Шрифт:
Интервал:
Закладка:
Но она не могла не заметить, как остроумен, находчив и смел её неожиданный шут. Однажды она обратилась к Григорию Потёмкину с каким-то малозначительным вопросом по-французски, а он отвечал ей пространно и красиво на русском языке.
Один из вельмож, представлявший иностранный двор, сделал Потёмкину замечание:
— Если государь обращается к вам с вопросом, то отвечать вы должны на том языке, на котором обратился государь...
И выражено это было так надменно и гордо, что Григорий не выдержал и также надменно и гордо ответствовал:
— А я считаю, что если государь обратился с вопросом, то подданный должен ответить на том языке, на котором лучше всего может выразить свои мысли. А русский язык я учу уже двадцать два года...
Екатерина не могла не признать этот блестящий вывод и наклонила голову в знак правоты своего подданного.
Потёмкин всё искал случая быть поближе к императрице — червь честолюбия и пример Григория Орлова заставляли его искать пути к сердцу Екатерины. Как-то раз он прислонился к столику, за которым Екатерина играла в карты с Орловым, и посмотрел в её карты. Орлов злобно шепнул, чтобы Потёмкин убирался как можно дальше. Но Екатерина не разрешила Потёмкину уйти всего лишь одним словом:
— Оставьте его, он вам не мешает...
Всё это вспоминала Екатерина, чтобы самой себе объяснить этот феномен возвышения косоглазого и кривого Циклопа.

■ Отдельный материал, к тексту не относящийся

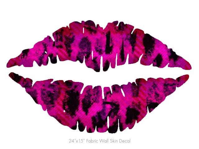 Pink Distressed Leopard - Kissing Lips Fabric Wall Skin Decal measures 24x15 inches
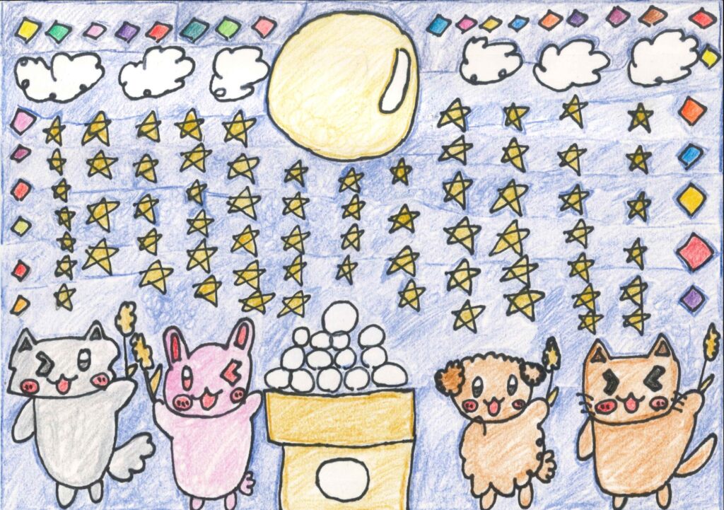 今回は、お月見をしている動物たちを描いてみました!

Ей рассказывали много легенд о потере глаза Потёмкиным. То кто-нибудь из придворных шептал, что Орловы в потасовке выбили глаз гиганту-конногвардейцу — у Орловых тоже хватало врагов в придворном стане, то повествовали об удалом поединке, в котором соперник выколол глаз Потёмкину неосторожным ударом шпаги, то говорили, что простолюдины исколотили рейтара палками за неосторожные амурные похождения. Она-то знала истину и не мешала злобным языкам работать.
После коронации Екатерина вернулась в Петербург и, долго не видя Потёмкина на своих вечерних приёмах и в своём интимном кругу, спросила о нём у своих ближайших окружающих.
— Он окривел и удалился от двора, — ответили ей.
Окольными путями узнала она и всю правду. После коронации Потёмкин заболел жесточайшей лихорадкой. Но человек он был неординарный и потому лечиться у патентованных докторов не пожелал, а привязал к голове примочку Ерофеича, пользовавшего Потёмкина с ранних лет. Тот изобрёл даже своего рода панацею от всех болезней — настойку водки на редких травах и кореньях. К этой панацее и вздумал прибегнуть Потёмкин.
Но примочка произвела в голове и левом глазу Потёмкина такую нестерпимую боль, что он не выдержал и сорвал повязку. Глаз его был затуманен, видеть мешало пятно, нарост, возникший на глазу.
Никогда и никому не доверявший себя, Потёмкин вытащил тонкую булавку, подцепил краем нарост на глазу и сорвал его.
Глаз вытек...
Отчаяние и мрак поглотили Потёмкина. Теперь всем его честолюбивым мечтам приходил конец, а радужных грёз у него было слишком много.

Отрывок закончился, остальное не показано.